Mention the 1970s, and all sorts of images come to mind: disco, orange shag carpet, bell bottoms, Watergate. But to kids of the era who are still out here in the wilds of life today, you can add one more icon to the list — the funny papers. And, for us — and for those we’ve influenced — these popular newspaper comic strips of the 1970s will never go out of style.
– Blondie: Created by Chic Young, this strip ran from 1930 and is still going strong today. Without giving too much away, the plot of Blondie featured a gregarious wife and mother who is married to an ever so slightly befuddled husband named Dagwood Bumstead. The comic was set in suburban Utopia, where the characters were always in search of some new adventure. Along the way, Blondie endeared herself to readers with her sassy quips and over-the-top zany adventures.
– Peanuts: Charles Schulz was not only a gifted cartoonist but also an insightful observer of human nature. The strip’s simple drawings and unassuming prose captured the day-to-day life of a group of kids. Peanuts follows Charlie Brown, Snoopy, Lucy van Pelt, Linus van Pelt (Charlie’s best friend), Pigpen, and othres as they navigate through childhood with humor and grace.
Hagar the Horrible
Created in 1977 by Dik Browne, this strip follows a fearsome (though domesticated) Viking warrior as he tries to keep his family and friends safe from various enemies. The comic is notable for its use of dialogue that allows readers to infer what people are thinking while they speak.
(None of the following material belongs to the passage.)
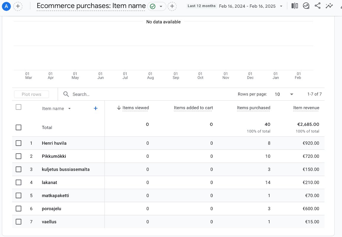 Tapahtumat alkavat virtaamaan GA4:aan ja voit seurata tapahtumia sekä konversioita ("key eventteja"). Osto merkataan automaattisesti "key event":ksi. Lue lisää
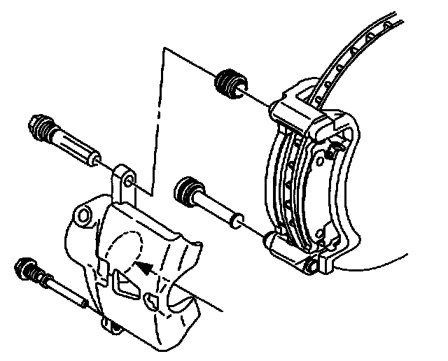 5. Remove caliper from caliper support, being careful not to damage pin boots.

Garfield is a fat cat who eats and sleeps, while his owner Jon Arbuckle tries to keep track of him. The strip has been written by Jim Davis since 1978, and remains one of the most popular comic strips and characters of all-time. Garfield has also made his way to TV several times and even spawned at least one spinoff, U.S. Acres.
Conceived by Gary Trudeau while he was still in college at Yale, Doonesbury spun off into a full-blown comic strip in 1970 and evolved through the 1970s to become the most biting political cartoon — and one of the most prominent sources of political commentary — of the entire decade. Today, Doonesbury is “new” for only Sunday features, though older repeat strips run throughout the week in syndication.
Dennis the Menace
Created in 1951 by Hank Ketcham, Dennis is a little boy who loves to make trouble and has no fear of being chastised or punished. These traits often lead him into the company of his next-door neighbor Mr Wilson, which always leads to more trouble.
Cathy was created by Cathy Guisewite in 1976. Cathy is a single, twenty-something woman who often has to contend with her family and friends meddling in her business. Cathy ran daily and on Sundays until early October of 2010.
Created by Brian Crane in 1976, Pickles is a four-year old boy who loves to eat anything and everything that’s not nailed down. His best friends are his sister Arnie (a three year old girl) and their pet bulldog, Duke.
The Family Circus
Created by Bil Keane in 1960, the Family Circus is a long-running strip featuring an American family. It runs in daily newspapers and is still a Sunday feature in most papers across the nation.
Hi and Lois
Created by Dik Browne in 1954, the strip features an American suburban family and their neighbors. It still runs daily and on Sundays, with older strips also running in syndication in many outlets.
Created in 1950 by Mort Walker, Beetle Bailey depicts military life through the exploits of the chill and sleepy Beetle, who is always trying to find a way to sneak away for a nap. This strip still runs daily and on Sundays, and Walker continued to run the show right up until his death at age 94 in 2018.